Deuxièmement, les analogies ci-dessus supposent que le style et le contenu sont séparables, alors qu'une analogie plus juste serait celle d'un motif tricoté : le tricot et le motif sont constitutifs l'un de l'autre. Les écrivains anciens eux-mêmes définissaient l'historiographie en termes de rhétorique (Cic. De Or. 2.62-64 ; Leg. 1.5) ou de poésie (Quint. X 1.31) ou bien comme se trouvant entre les deux (Aristid. Orat. 28[49].68). Ces définitions, qui, pour le lecteur moderne, semblent individuellement étranges et mutuellement contradictoires, apparaissent à ce propos parce que l'écriture de l'histoire était considérée comme un procédé entièrement rhétorique. Certains effets de cela ont déjà été vus dans notre analyse du passage de Tacite : ordre des mots élaboré (y compris des chiasmes), déploiement de vocabulaire poétique, jeu de mot étymologique et bilingue et assonance (aussi bien anagrammatique que symbolique).

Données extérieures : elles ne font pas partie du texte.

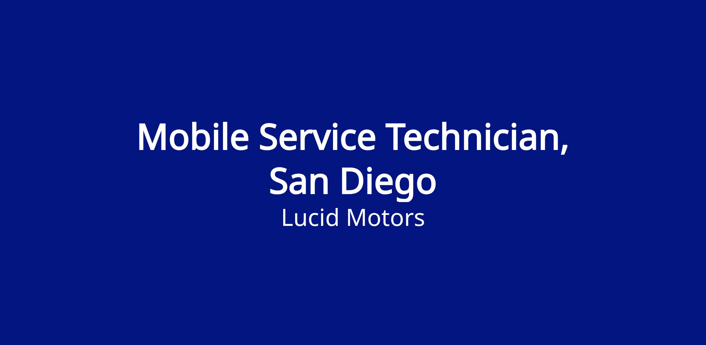 The Mobile Service Technician is a unique position that covers field service repairs. This position would be responsible for traveling to client locations and will be responsible for diagnosing, maintaining and repairing Lucid Motors vehicles in the field. Lucid provides Mobile Service Technicians with a service van or truck and provides the needed tools. This fixed operation position will work independently as well as a team where you will have the support of the closet service location. You will demonstrate your passion for sustainable transportation and creatively solve problems in a fast-paced environment. As a Mobile Service Technician, it is expected to have ASE certifications obtained within 6-8 months of hire date. Lucid will reimburse the cost associated with successful completion.

Cette concentration de procédés rhétoriques souligne la différence essentielle qui existe entre le texte de Tacite et celui d'un historien moderne. La question n'est pas que ces procédés sont importants en eux-mêmes (même s'ils le sont), mais qu'ils sont le diagnostic de la nature rhétorique du texte. Si ces procédés sont absents, comme ils le sont lorsque le texte est traduit, il n'y a rien d'intrinsèque au texte pour alerter le lecteur sur le fait que ce texte est le produit d'un état d'esprit totalement différent de celui d'un ouvrage d'histoire moderne : une page de la traduction Loeb ou Penguin peut avoir l'air aussi décevante qu'une page de la revue Cambridge Ancient History. A l'inverse, c'est seulement en étant capable de lire et de comprendre le latin poétique de Tacite que des questions-clé concernant les relations de Germanicus avec ses troupes et avec Tibère peuvent être saisies : le style et le contenu sont inséparables. Par conséquent, les lecteurs de textes en traduction ne sont jamais en position de comprendre la nature des indices que leur offrent les historiens grecs et romains et ceux qui enseignent sur la base de textes en traduction fonderont à jamais leurs enseignement sur de fausses prémices. Mais ce n'est qu'une partie de l'histoire.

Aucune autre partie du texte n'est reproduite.